For the guest site, the low X-ray scattering contrast between Ba and Ce means that substituting one for the other does not significantly impact the refinement residuals. Consequently, refining the relative Ba/Ce occupancies on the guest sites is not a reliable way of determining the Ce content. Instead, the clathrate was assumed to be an ideal Zintl phase, such that the stoichiometry is determined from the 184 valence electron counting rule giving the refined host structure composition. It was assumed that each Ba and Ce atom contribute two and three electrons to the host structure, respectively (Ba²⁺ and Ce³⁺), and that Au was monovalent. Thus, in order for charge balance to be satisfied, the following relation between the Ce and Au content must hold: Ce = 16 − 3 × Au.

The calculated amount of Ce was initially introduced in the small cage on the 2a site in accordance with Prokofiev et al. (Prokofiev et al., 2013) as well as the simple chemical intuition that the smaller Ce⁺³ ion (1.15 Å ionic radius versus 1.49 Å for Ba²⁺) would preferentially enter the small cage. Adding Ce to the 6d site and refining the relative amount in each cage resulted in only a very small fraction of Ce on 6d in the large cage, without any noticeable improvement in the model. Accordingly, Ce was solely confined to the 2a in the small cage. The refinement of the occupancies as described above was performed for the 100 K dataset and resulted in the composition Ba_7.74 (9)Ce_0.26 (9)Au_5.42 (3)Si_40.58 (3). This composition was then fixed in the subsequent refinements of the data measured at other temperatures, as there was no evidence of any decomposition of the clathrate within the measured temperature range. Fig. 2 shows the refined powder diffraction pattern along with a visual representation of the refined occupancies and ADPs.

Figure 2 (a) PXRD pattern measured at 100 K (red dots) along with the refined model (black line) and the difference plot (blue line). The indexed peaks (green bars) are given in order from the top: BCAS, CeAu2Si2 and Si. A few minute impurity phase reflections (2θ = 8.001°, 9.065°, 12.109°, 13.605°, 18.261°, 10.290°, 12.970°, 26.688°) have not yet been described. (b) The final refined model showing the distribution of elements on the different sites. The thermal ellipsoids are drawn at the 99% probability at 1000 K for the sake of visibility. In the anisotropic model, the 6c site shows a slight anisotropy with preference for vibration in the plane of the tetrakaidecahedra (parallel to the hexagonal faces).

3.2. Unit-cell parameter

The unit-cell parameter is plotted as a function of temperature in Fig. 3(a). The thermal expansions obtained from the low-temperature and high-temperature data are very similar (slope of the curve), but there is clearly an offset between the data [Fig. 3(a), inset]. The main differences between the data collected at LT and HT are the type of capillary (glass versus quartz) and size of collimator (0.5 mm × 3 mm versus 0.5 mm × 1 mm). In order to correct for this systematic deviation, the wavelength was altered slightly for the LT data such that the unit-cell parameter at 300 K matched that of the 300 K HT data (from 0.49980 Å to 0.50002 Å).

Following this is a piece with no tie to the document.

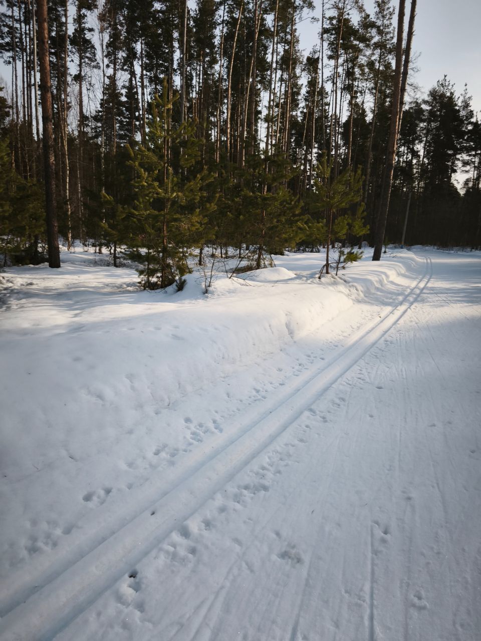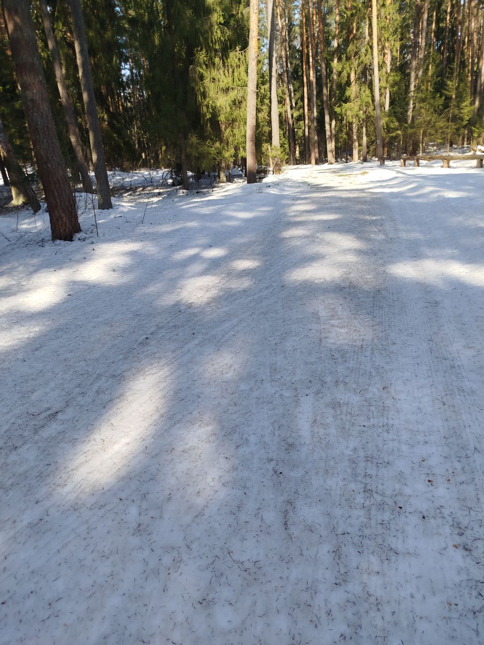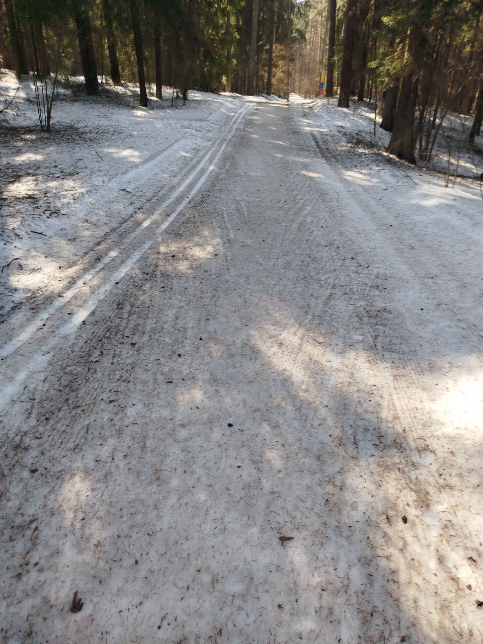 На утро 7.01.2026 ратраком пройдена вся трасса, освещенка плотнее, остальные петли мягче, палки проваливаются до земли. Много где ратрак достал песок/мусор. Желоба для классики почти везде, но в них тоже грязно.

Figure 3 (a) Unit-cell parameter as a function of temperature along with a linear fit and the coefficient of linear thermal expansion determined from its slope; inset shows the systematic deviation between the LT and HT data before the wavelength was adjusted for the LT data. (b) Comparison of unit-cell parameter at room temperature for various BCAS (triangles) and BAS (circles) samples as a function of Au content.

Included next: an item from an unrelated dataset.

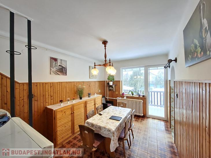 A földszinten tágas nappali, étkező, konyha, kamra, előszoba, fürdőszoba és erkély található. Az emeleten amerikai konyhás nappali, 2 szoba, fürdőszoba és erkély áll rendelkezésre. Az ablakok műanyag, hőszigetelt nyílászárók. A fűtést gázcirkó kazán, valamint vegyes tüzelésű kazán látja el. A ház fenntartási költsége igen kedvező.

The coefficient of linear thermal expansion α, as determined from the slope, was found to be 7.30 (8) × 10⁻⁶ K⁻¹. This matches the value given by Falmbigl et al. (2010) for Ba₈Au₅Si₄₁, based on unit-cell parameters measured at 150 K and 300 K by Zeiringer (2010). A general trend appears from the data presented by Falmbigl et al. (2010) for Ba containing Si based clathrates, with α ranging 6.96–16.2 × 10⁻⁶ K⁻¹. Thus, clathrates substituted with heavier noble metals, such as Pt and Au, exhibit lower α, in accordance with the low value observed for the BCAS (Falmbigl et al., 2010). The substitution of Ce for Au in the small cage does not seem to significantly affect the thermal expansion of the host lattice.

The unit-cell parameter observed at room temperature in the present study can be compared with values of BAS and BCAS found in literature as a function of the amount of Au in the structure, Fig. 3(b). For lower Au content the unit cell increases approximately linearly with the amount of Au, with a slight stabilization relative to this trend observed above five Au per formula unit. This may be related to the fact that it is around this amount where Au starts appearing on the 24k sublattice, while for lower Au content it appears to be ordered solely on the 6c site (Aydemir et al., 2011).

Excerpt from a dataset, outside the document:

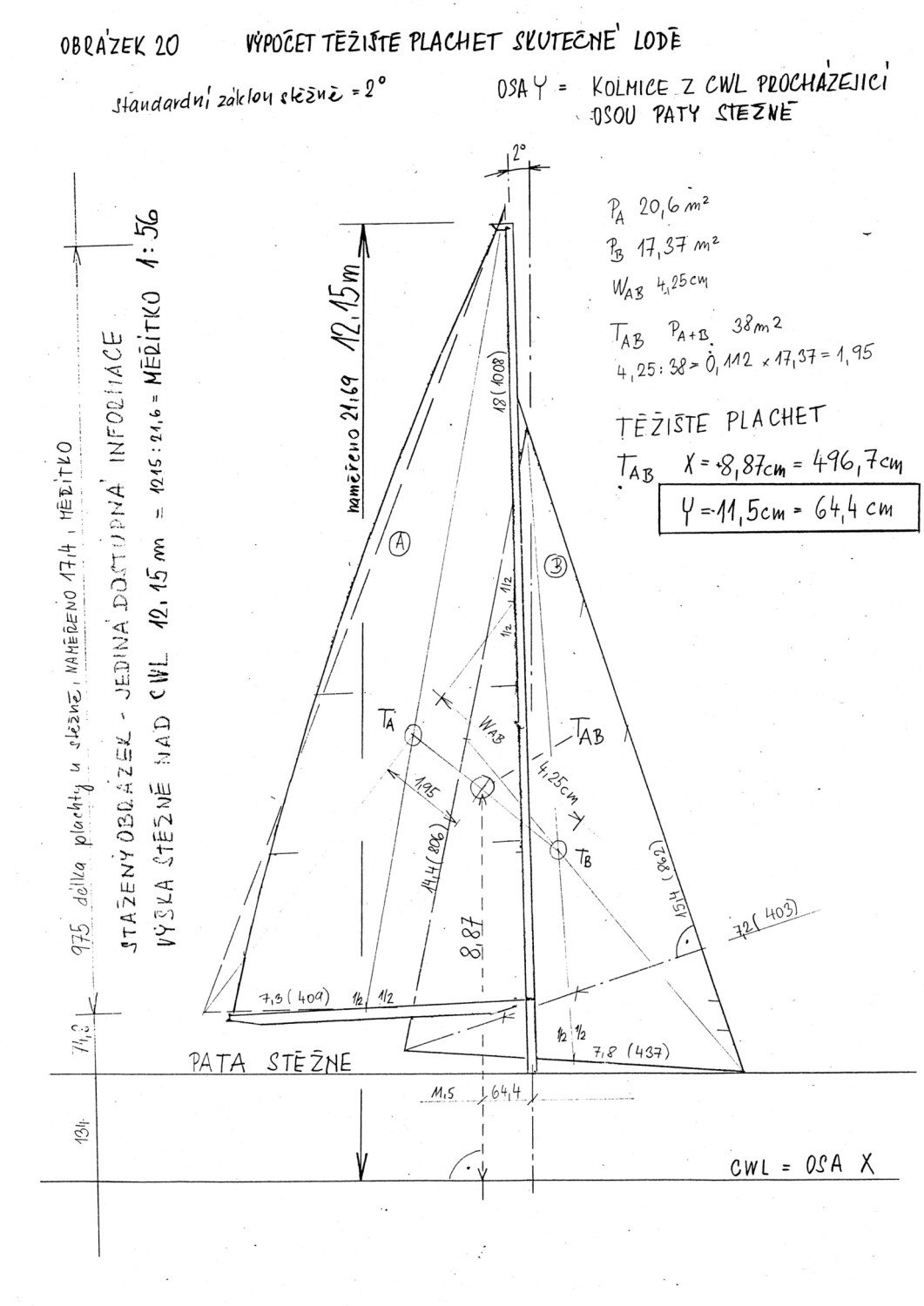 Případné zájemce jsem snad přesvědčil, že tento způsob výpočtu je dostatečný pro správné posouzení základního návrhu těžiště laterátu a těžiště plachet.

Substitution of Ba for Ce (BCAS versus BAS) results in a significant decrease in the unit-cell parameter similar to the observation of Prokofiev et al. (2013). This matches the expectation that the unit-cell contracts slightly with the introduction of a smaller guest atom. The degree of unit-cell contraction observed here is significantly smaller than observed by Prokofiev et al. (2013) in agreement with the smaller Ce content determined here.

The BCAS unit-cell parameter determined by Kawaguchi et al. (2000) fits the trend observed for pure BAS. In that study the sample is assumed to be phase-pure clathrate with the nominal composition Ba₆Ce₂Au₆Si₄₀ from the synthesis, but impurity phases are clearly present in the PXRD data although not discussed. This nominal composition with high Ce content is very unlikely to be based on unit-cell reduction observed in BCAS here and by Prokofiev et al. (2013), and in these two studies the amount of Ce in the structure is significantly lower than the nominal composition. Taken together with the presence Ce-rich impurity phases, there is clear evidence that Ce incorporation in the clathrate structure is not straightforward. The similarity between the unit-cell parameter of Kawaguchi et al. and those of other BAS clathrates suggests that very little, if any, Ce is incorporated in their clathrate structure. The host structure responds to the nature of the guest atom and the unit-cell parameter provides a sensitive probe for the structural composition.

A strong point of powder diffraction is the division of scattering from different crystalline phases into separate sets of (overlapping) Bragg peaks. The present Rietveld refinement also models the two impurity phases of CeAu₂Si₂ and Si. In the supporting information the refined parameters are listed and plotted for the impurity phases. For CeAu₂Si₂ the linear thermal expansion coefficients are 13.6 (2) × 10⁻⁶ K⁻¹ and 5.1 (1) × 10⁻⁶ K⁻¹ for the a-axis and c-axis, respectively, while it is estimated to be 2.71 (4) × 10⁻⁶ K⁻¹ for Si.

3.3. Confirmation of Ce in the clathrate structure

The decrease in unit-cell parameter of our clathrate is only indirect evidence of the presence of Ce in the clathrate structure. Scanning transmission electron microscopy–energy-dispersive X-ray spectroscopy (STEM-EDX) was used as a secondary method of verification for the presence of Ce in the clathrate structure. Fig. 4 shows the elemental mapping of two particles, from which it is clear that all elements are dispersed evenly throughout, and that there is no agglomeration of Ce in small impurity regions.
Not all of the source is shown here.